How did your program do this year? That's what we asked a lot of advisors, program managers and pundits for the 2011 Outlook. We found the responses to be a mixed bag—but generally more positive than the year before. While some programs are still struggling, others are moving full steam ahead. What made the difference?

A key ingredient was support from top management. As Marc Vosen, president of the Bank Insurance and Securities Association and head of Key Investment Services, told me, "If you have a best practice model and didn't have support of the depository institution, you've got nothing. But even if you have mediocre models, as long as you have the support of the institution, you've got a lot."

Then, of course, you have to implement on a number of different levels, which include good technology, a wide variety of products and quality staff. Where banks are still working with outdated or clunky technology and it seems many out there still are, they will have a hard time supporting their reps who face clients. That can undermine the efforts of even the most ingenious and concerned advisor.

Second, if you are still pushing products, you are playing a losing game. Increasingly, financial services is more about the service. That doesn't mean that selling an annuity isn't the proper way to serve a client, but it's no longer what most platform reps, and certainly most advisors, should lead with.
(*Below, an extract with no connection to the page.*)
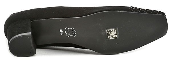 Obuv je vyrobena z pravé přírodní kůže, vnitřní část obuvi je vybavená podšívkou rovněž z pravé přírodní kůže. Podpatek je potahovaný semišovou kůží. Podešev je hladká z neklouzavého materiálu.

Of course, not every client needs an individualized interview or financial plan. But clients need to feel that you are offering something they can't get at the next bank down the block or the next number they call. That means establishing a relationship, regardless of how brief, where customers feel that you care about them more than your own—or the bank's—bottom line. Even if you're just talking to them on the phone or chatting over the web, the main thing is that the client doesn't walk away neutral, but feeling good.